### TASK TO COMPLETE
Starting with the line that contains "چهار فصل را", return every line through the end of the listing below exactly as written. Omit the pictures.

### RAW DATA
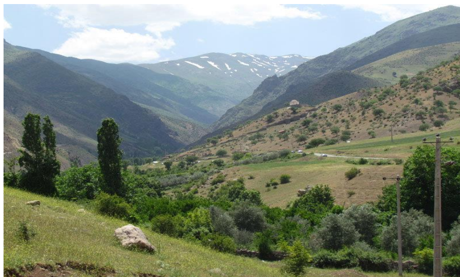
طبیعت مسیر زنجان-طارم

چهار فصل را می‌توان در زنجان، به خوبی احساس کرد. بهار زنجان، دلنشین است. در تابستان هوایش گرم و خشک می‌شود. پاییز هوای خنکی دارد و در زمستان هوایش سرد می‌شود. در ماه‌های اردیبهشت، خرداد و تیر آب و هوای زنجان فوق‌العاده عالی و دلپذیر است. بهار و تابستان زنجان بهترین فصل برای حضور گردشگران و علاقمندان به طبیعت است.
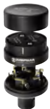
Základní díl s víčkem

### OUTPUT OF THE TASK
چهار فصل را می‌توان در زنجان، به خوبی احساس کرد. بهار زنجان، دلنشین است. در تابستان هوایش گرم و خشک می‌شود. پاییز هوای خنکی دارد و در زمستان هوایش سرد می‌شود. در ماه‌های اردیبهشت، خرداد و تیر آب و هوای زنجان فوق‌العاده عالی و دلپذیر است. بهار و تابستان زنجان بهترین فصل برای حضور گردشگران و علاقمندان به طبیعت است.
Základní díl s víčkem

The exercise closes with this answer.